Tre grandi signori etiopi assistettero a questa cerimonia: ras Hailù del Goggiam, com’era logico... da quel fedele alleato degli italiani che era sempre stato e doveva ancora essere. Accanto a lui si trovava un altro « ras » creato dagli italiani, Hailé Selassié Gugsa, il traditore che entrambi gli schieramenti disprezzavano; e con loro v’era un nuovo venuto, ras Seyum. Ras Seyum, infatti, era finalmente tornato dalla sua protratta « visita » in Italia.
Poiché il fatto stesso che le tradizionali famiglie regnanti del Goggiam, di entrambe le regioni del Tigrai, del Beghemder e dello Uollo, erano lì rappresentate dai loro esponenti superstiti riuniti intorno al Viceré che li onorava, stava ad attestare un mutamento significativo intervenuto nell’orientamento della politica italiana. Quella riunione in occasione del Mascal del 1939 era il segno esteriore dei primi passi mossi verso la politica del « governo indiretto », ricalcata sui princìpi britannici, e alla quale, lo si sapeva, erano favorevoli sia il Duca d'Aosta sia il generale Nasi 1.

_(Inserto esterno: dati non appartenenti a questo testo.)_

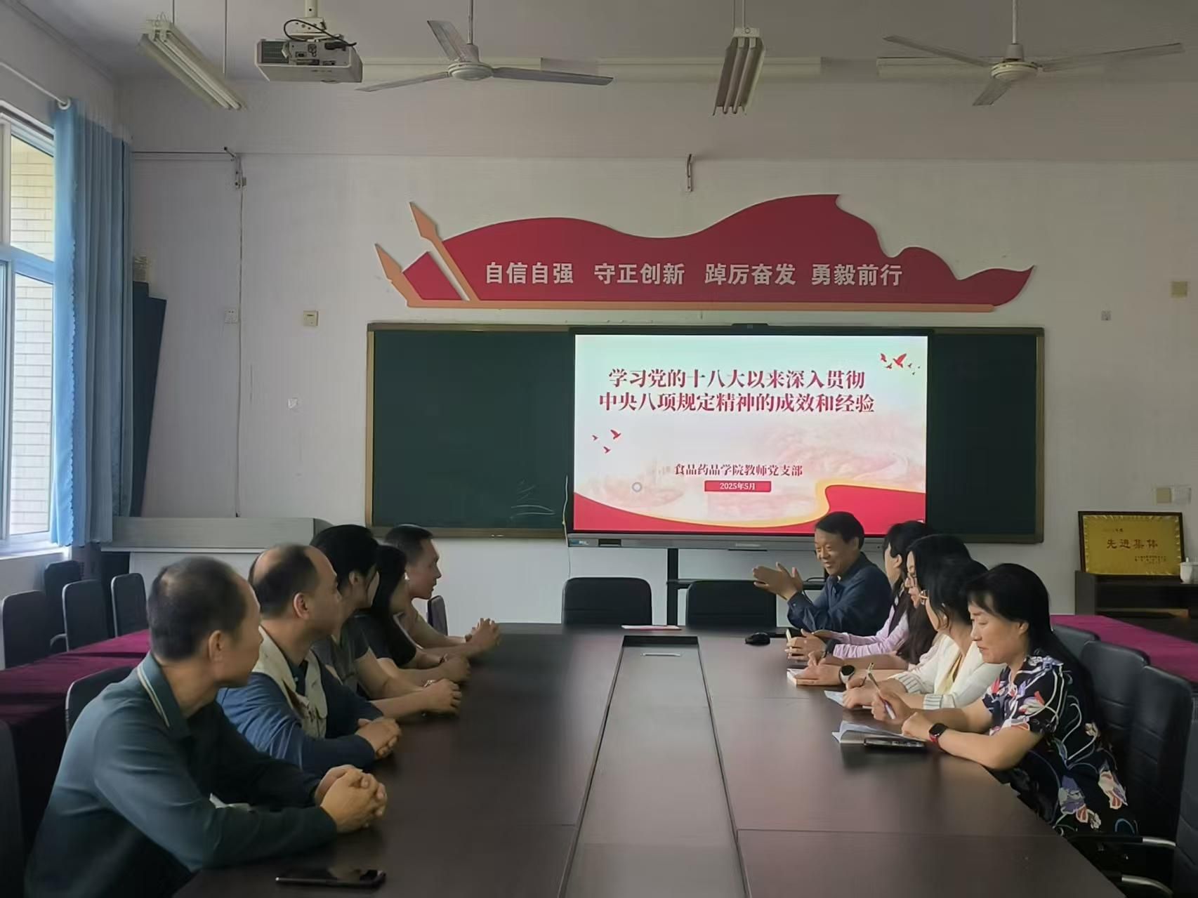 2025年5月19日,食品药品学院教师党支部在惠泽1号楼103会议室召开了5月份主题党日暨党员大会,会议由食品药品学院教师党支部负责同志主持并主讲,全体党员参加。

Lo scopo di ras Hailù e di ras Seyum, nonché, invero, degli altri, era quello di tornare a governare i territori di un tempo. Tale scopo non lo avevano conseguito, e non dovevano conseguirlo fino all’ultimo momento; gli italiani li trattenevano nella capitale o negli immediati dintorni, e la politica dei ras era ovviamente quella di conciliarsi gli italiani e di procedere con i piedi di piombo. Ciò nonostante si può a buon diritto supporre che la notizia del ritorno di ras Seyum si fosse diffusa rapidamente nel Tigrai, e che questa mossa da parte italiana fosse stata saggia, in quanto la semplice presenza di ras Seyum sul suolo etiopico, e le speranze destate da tale presenza, avrebbero placato tutte le tendenze alla ribellione nel Tigrai — sebbene non vi fosse mai stato, né dovesse esservi in avvenire, un gran movimento di resistenza in quelle regioni.

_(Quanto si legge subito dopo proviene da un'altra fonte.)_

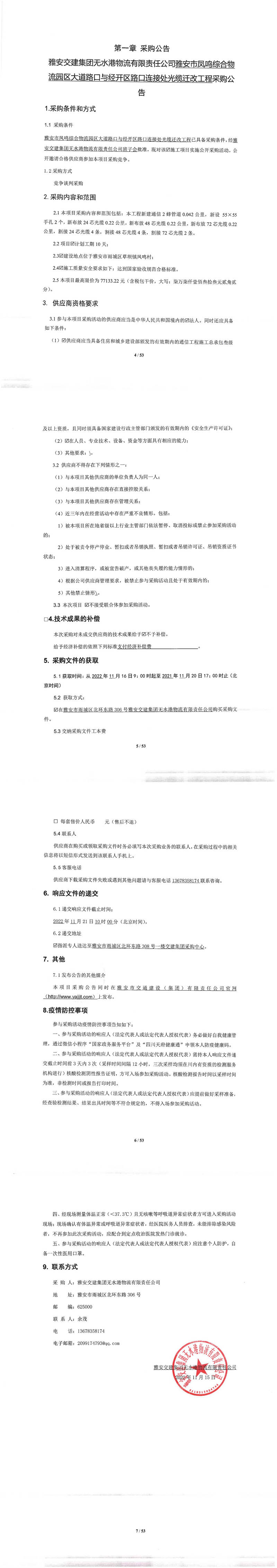 雅安交建集團無水港物流有限責(zé)任公司雅安市鳳鳴綜合物流園區(qū)大道路口與經(jīng)開區(qū)路口連接處光纜遷改工程采購公告

Gli spostamenti non si verificavano in una sola direzione. Mentre ras Seyum partiva da Napoli, il capo dei dancali, il sultano Mohammed Yayo era arrivato a Roma e là gli era stata concessa un’udienza dal Duce, al quale aveva offerto un hatoilly, un tappeto tradizionale tessuto — ironico a dirsi — per l’ex-Imperatore.